(Data entries)
--------------------

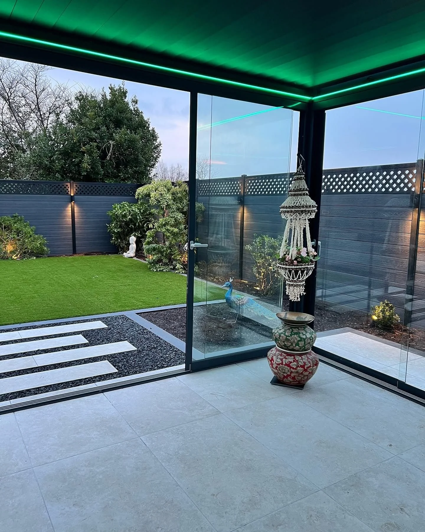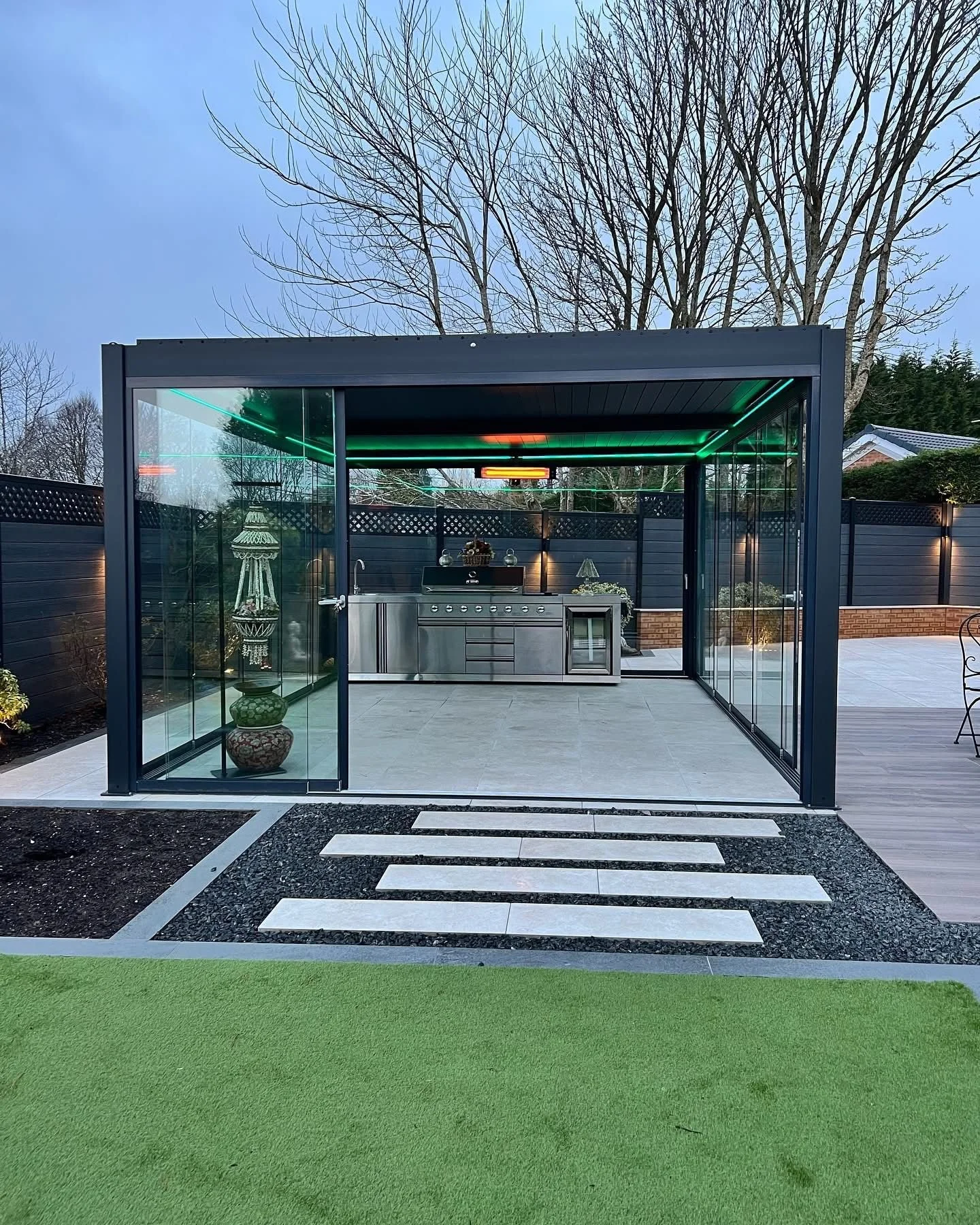 Aluminium pergola with glass panels for shade and architectural style
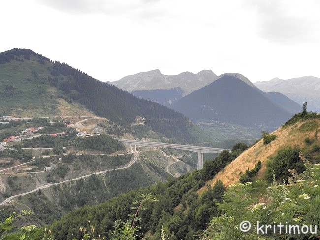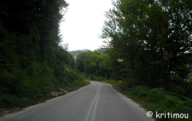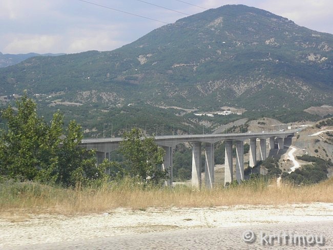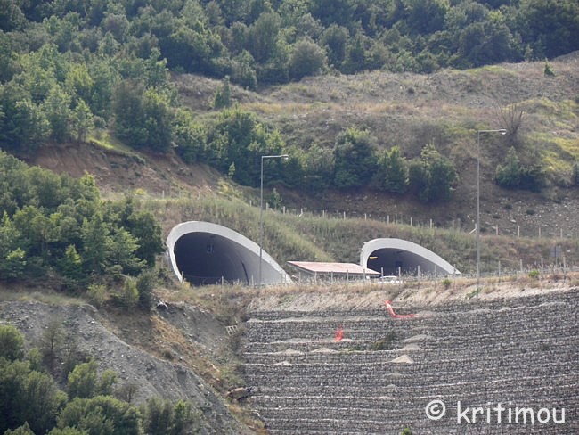 ![]() Seit der Eröffnung der Egnatía Odos (E 90), die sich kerzengerade und alle Hindernisse überwindend quer durch Nordgriechenland, von der türkischen Grenze bis nach Igoumenitsa, an der Adria, zieht und sowohl dem einheimischen als auch dem Transitverkehr eine Wahnsinns-Zeitersparnis beschert, ist die alte Straße nur noch für Liebhaber, Nostalgiker und (vorsichtige) Motorradfahrer offen. An manchen Stellen ist der Belag nicht mehr so gut, etwas abgesenkt, mit Rissen, doch im Großen und Ganzen immer noch problemlos befahrbar. Manchmal liegen auch herabgefallene Steine am Fahrbahnrand. ![]() Während wir durch die üppig grüne Bergwelt zuckeln wird deren Idylle ab und an von den weiß markierten, schräg in den Berg zementierten Tunneleingängen und Brücken der Egnatía durchbrochen.
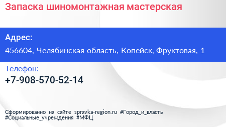 Запаска, шиномонтажная мастерская по адресу 456604, Челябинская область, Копейск, Фруктовая, 1 в дальнейшем Организация, размещена в следующих категориях:
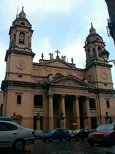 La fachada de la catedral de Pamplona constituye uno de los mejores ejemplos de la nueva arquitectura académica que, poco a poco, durante la segunda mitad del siglo XVIII, fue desplazando al gusto barroco tan arraigado en la sociedad española. Su importancia radica en que fue proyectada por uno de los mejores arquitectos españoles de la época, Ventura Rodríguez. Sustituyó a la vieja portada de la catedral románica, que había logrado perdurar hasta entonces. Cien años antes de su derribo el padre Alesón la calificaba como “tosca y deslucida, estimada sólo por la grande antigüedad que demuestra”, si bien no es hasta el episcopado de Gaspar de Miranda y Argáiz (1742-67) cuando se menciona por primera vez la necesidad de construir un nuevo frontispicio. Los donativos de varios canónigos serán los que impulsen definitivamente al cabildo a aprobar su realización en 1782. Se enviaron al examen de la Real Academia de San Fernando varios diseños de artistas locales, encargándose de las gestiones uno de los capitulares, Felipe García de Samaniego, residente en la Corte y académico de honor de dicha institución. Él y Antonio Ponz, el conocido autor del Viaje de España, fueron los verdaderos responsables de la deriva que tomó el asunto: se rechazaron los planos remitidos desde Pamplona, Ventura Rodríguez fue elegido para trazar el proyecto y Santos Ángel de Ochandátegui para ejecutarlo. Las obras se iniciaron en 1783 y se prolongaron hasta 1800.
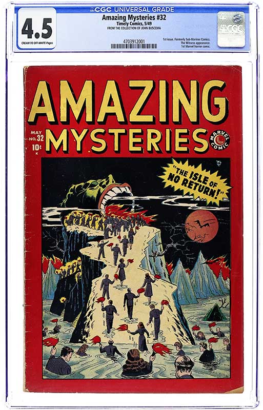 As MyComicShop’s April Prime Auction closes, they are looking ahead to some of the books that will be added to their website soon. From the Collection of John Buscema, they will offer Amazing Mysteries #32 CGC 4.5. This was the first horror comic produced by Marvel and includes a letter from the editorial staff directed at parents emphasizing the benefits of “the right of the public to read what they want to read.” It also makes it clear that they employ a consultant from the New York City Board of Education.
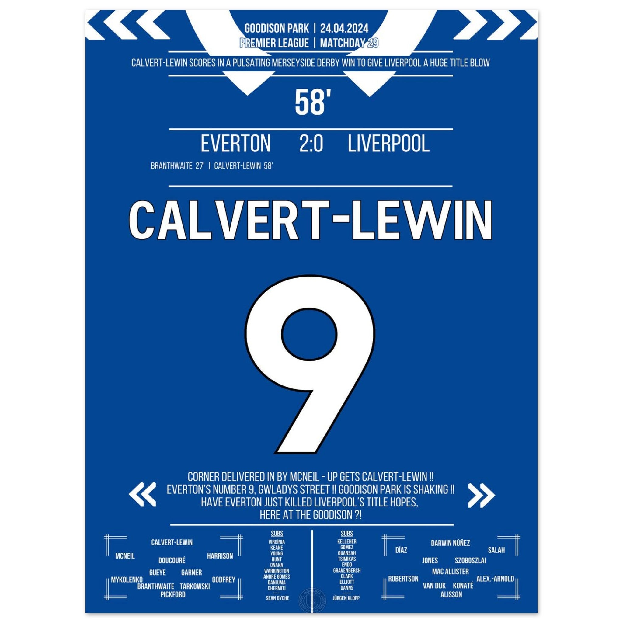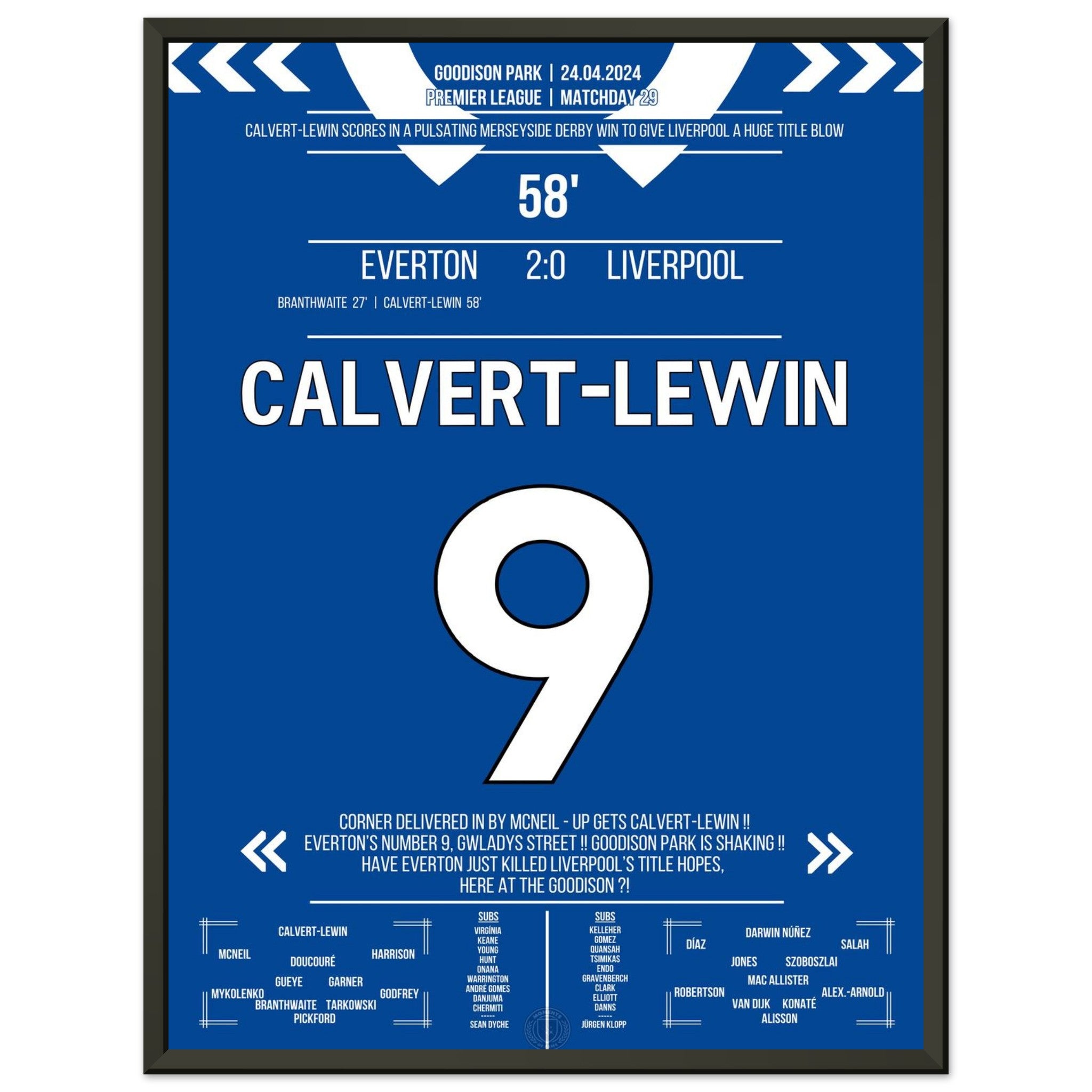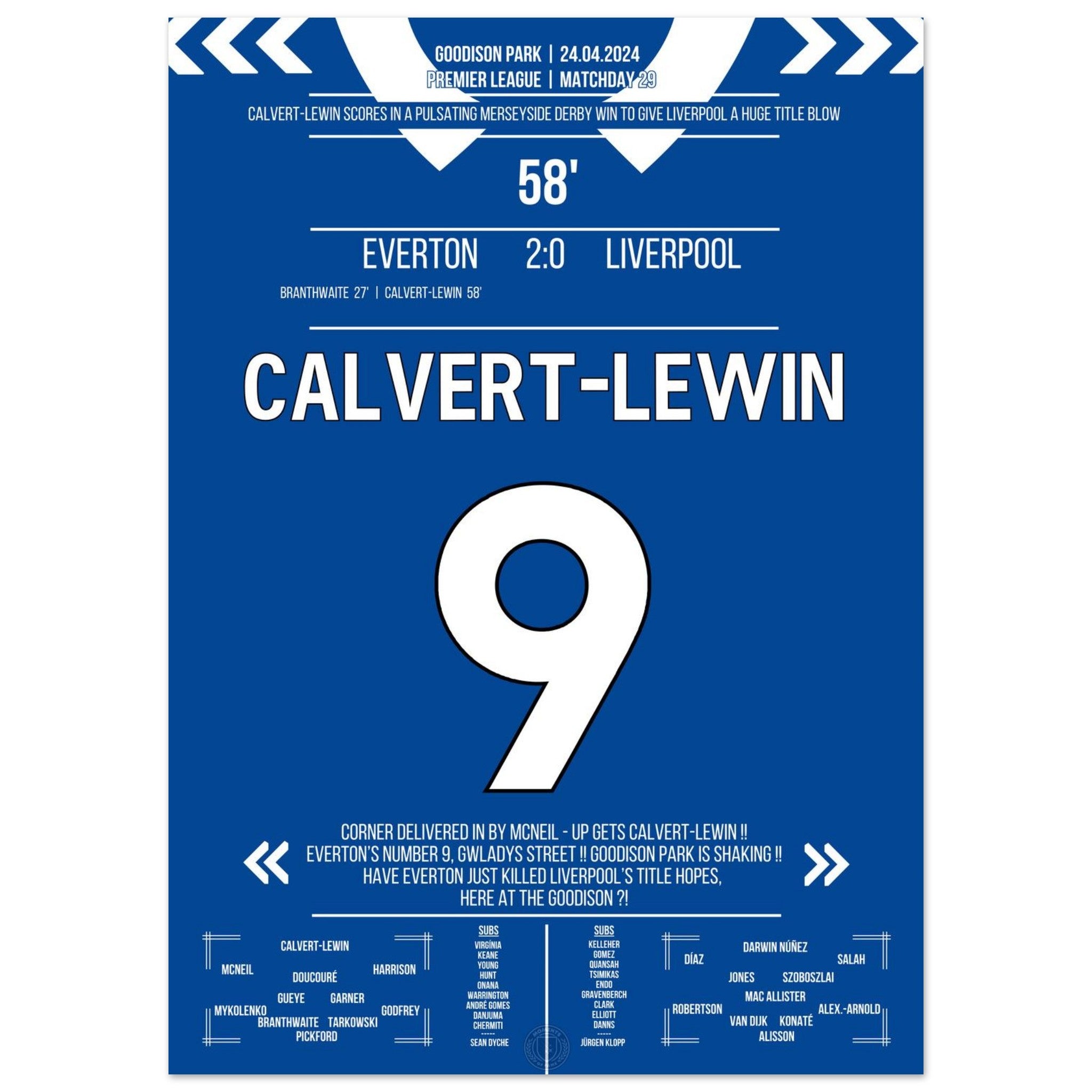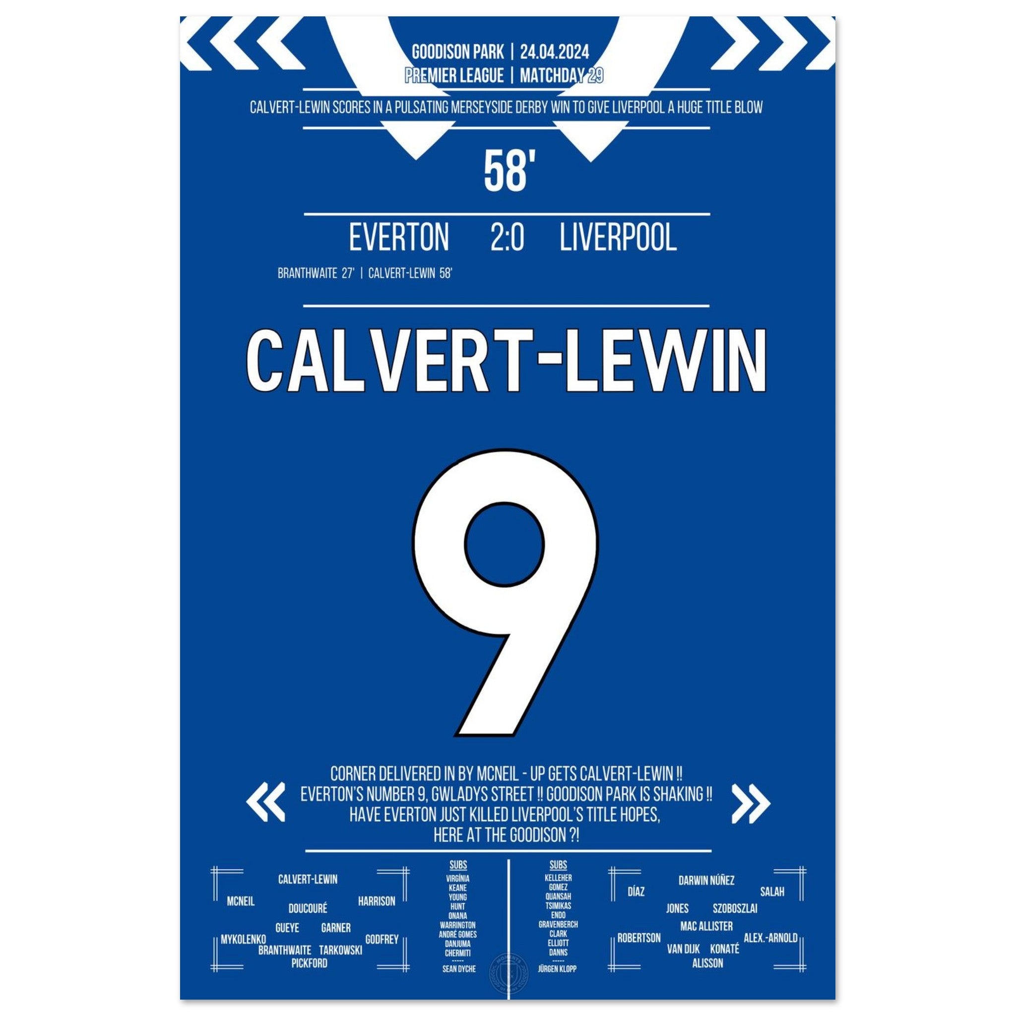 Calvert-Lewin scores the winning goal in the Merseyside Derby.
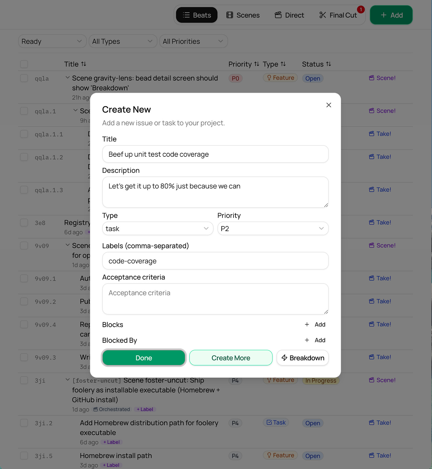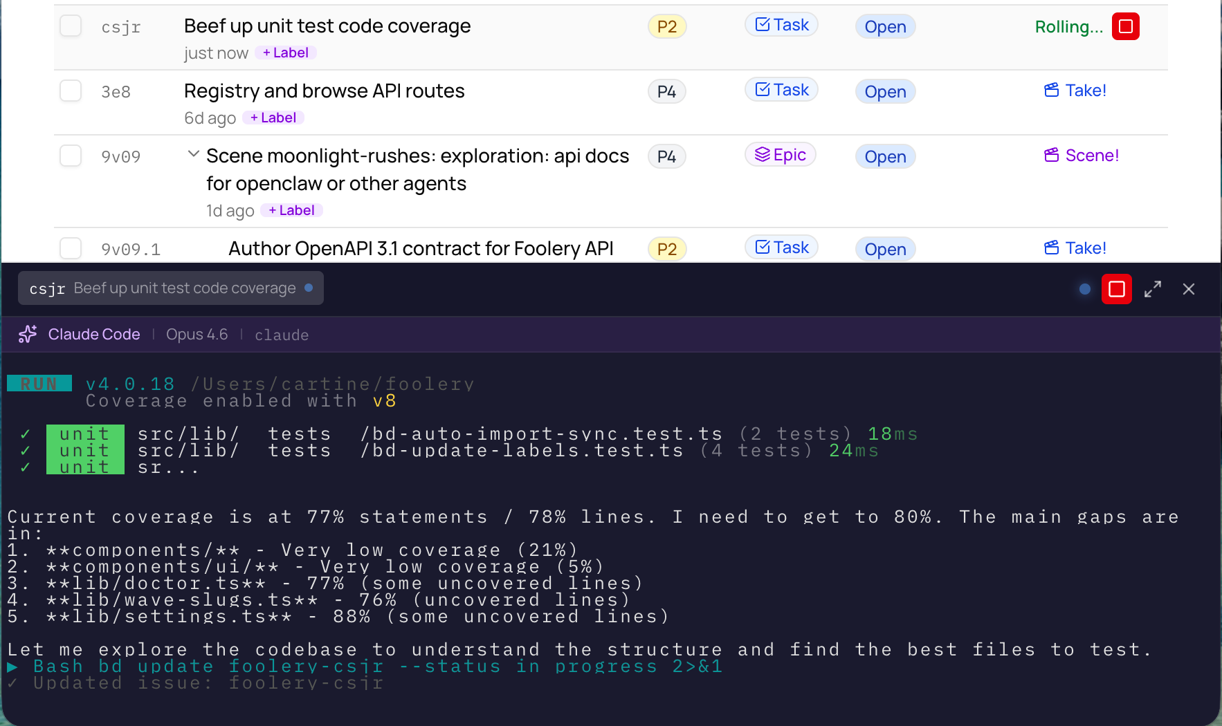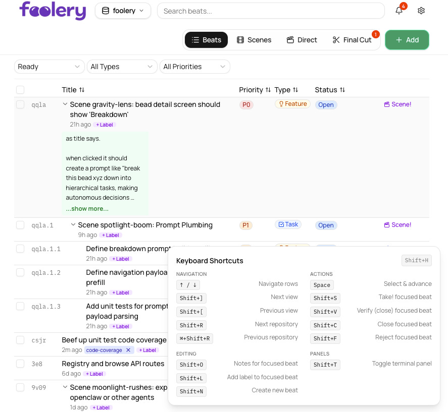 curl -fsSL https://raw.githubusercontent.com/acartine/foolery/main/scripts/install.sh | bashKeep it open while you use the coding agent of your choice. Discipline yourself to keep the agent focused, but blast all your harebrained ideas into Foolery. You’re gonna love it. And if not, well, it was fucking free.
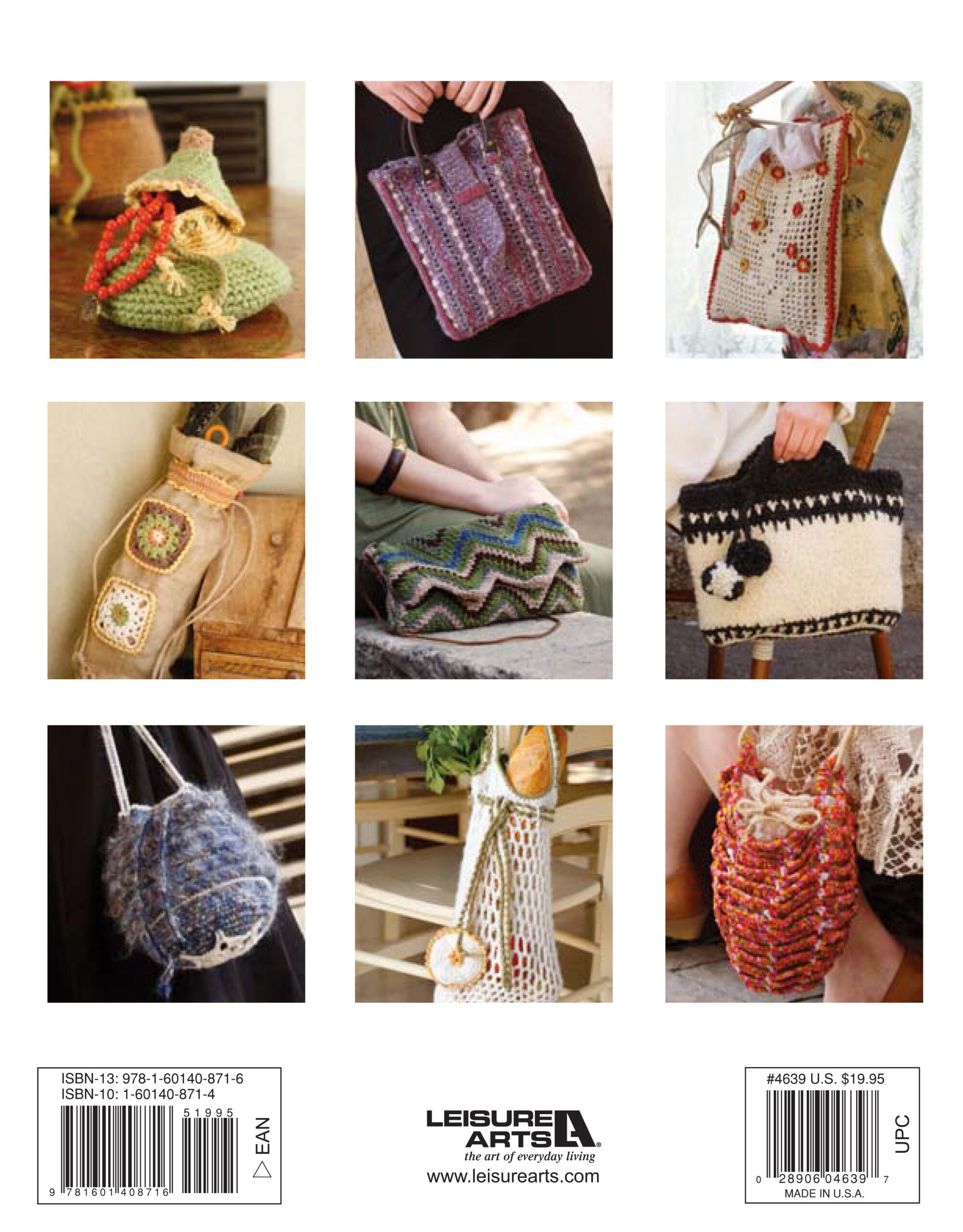 Leisure Arts Crochet Totes and Accessories eBook- Learn to create your own collection of hand-made totes, purses, fashion accessories and more with this comprehensive crochet book. Designs include: elegant pompom purse, stylish grocery tote, spiral change purse, classic campus backpack, Parisian floral purse, blossoming tree lingerie bag and much more. Projects call for size a variety of yarn weights and crochet hooks in US sizes ranging between E-4 and K-10 1/2. Includes a full guide to basic and intermediate crochet stitches with photographed diagrams, plus step-by-step instructions for creating each design. Beginner to intermediate skill level. 132 pages, PDF download.

--------------------

_What to do_. Any picture found in the data is to be skipped while the rest is copied exactly.

_Task output_.
 Aluminium pergola with glass panels for shade and architectural style
 ![]() Seit der Eröffnung der Egnatía Odos (E 90), die sich kerzengerade und alle Hindernisse überwindend quer durch Nordgriechenland, von der türkischen Grenze bis nach Igoumenitsa, an der Adria, zieht und sowohl dem einheimischen als auch dem Transitverkehr eine Wahnsinns-Zeitersparnis beschert, ist die alte Straße nur noch für Liebhaber, Nostalgiker und (vorsichtige) Motorradfahrer offen. An manchen Stellen ist der Belag nicht mehr so gut, etwas abgesenkt, mit Rissen, doch im Großen und Ganzen immer noch problemlos befahrbar. Manchmal liegen auch herabgefallene Steine am Fahrbahnrand. ![]() Während wir durch die üppig grüne Bergwelt zuckeln wird deren Idylle ab und an von den weiß markierten, schräg in den Berg zementierten Tunneleingängen und Brücken der Egnatía durchbrochen.
 Запаска, шиномонтажная мастерская по адресу 456604, Челябинская область, Копейск, Фруктовая, 1 в дальнейшем Организация, размещена в следующих категориях:
 La fachada de la catedral de Pamplona constituye uno de los mejores ejemplos de la nueva arquitectura académica que, poco a poco, durante la segunda mitad del siglo XVIII, fue desplazando al gusto barroco tan arraigado en la sociedad española. Su importancia radica en que fue proyectada por uno de los mejores arquitectos españoles de la época, Ventura Rodríguez. Sustituyó a la vieja portada de la catedral románica, que había logrado perdurar hasta entonces. Cien años antes de su derribo el padre Alesón la calificaba como “tosca y deslucida, estimada sólo por la grande antigüedad que demuestra”, si bien no es hasta el episcopado de Gaspar de Miranda y Argáiz (1742-67) cuando se menciona por primera vez la necesidad de construir un nuevo frontispicio. Los donativos de varios canónigos serán los que impulsen definitivamente al cabildo a aprobar su realización en 1782. Se enviaron al examen de la Real Academia de San Fernando varios diseños de artistas locales, encargándose de las gestiones uno de los capitulares, Felipe García de Samaniego, residente en la Corte y académico de honor de dicha institución. Él y Antonio Ponz, el conocido autor del Viaje de España, fueron los verdaderos responsables de la deriva que tomó el asunto: se rechazaron los planos remitidos desde Pamplona, Ventura Rodríguez fue elegido para trazar el proyecto y Santos Ángel de Ochandátegui para ejecutarlo. Las obras se iniciaron en 1783 y se prolongaron hasta 1800.
 As MyComicShop’s April Prime Auction closes, they are looking ahead to some of the books that will be added to their website soon. From the Collection of John Buscema, they will offer Amazing Mysteries #32 CGC 4.5. This was the first horror comic produced by Marvel and includes a letter from the editorial staff directed at parents emphasizing the benefits of “the right of the public to read what they want to read.” It also makes it clear that they employ a consultant from the New York City Board of Education.
 Calvert-Lewin scores the winning goal in the Merseyside Derby.
 curl -fsSL https://raw.githubusercontent.com/acartine/foolery/main/scripts/install.sh | bashKeep it open while you use the coding agent of your choice. Discipline yourself to keep the agent focused, but blast all your harebrained ideas into Foolery. You’re gonna love it. And if not, well, it was fucking free.
 Leisure Arts Crochet Totes and Accessories eBook- Learn to create your own collection of hand-made totes, purses, fashion accessories and more with this comprehensive crochet book. Designs include: elegant pompom purse, stylish grocery tote, spiral change purse, classic campus backpack, Parisian floral purse, blossoming tree lingerie bag and much more. Projects call for size a variety of yarn weights and crochet hooks in US sizes ranging between E-4 and K-10 1/2. Includes a full guide to basic and intermediate crochet stitches with photographed diagrams, plus step-by-step instructions for creating each design. Beginner to intermediate skill level. 132 pages, PDF download.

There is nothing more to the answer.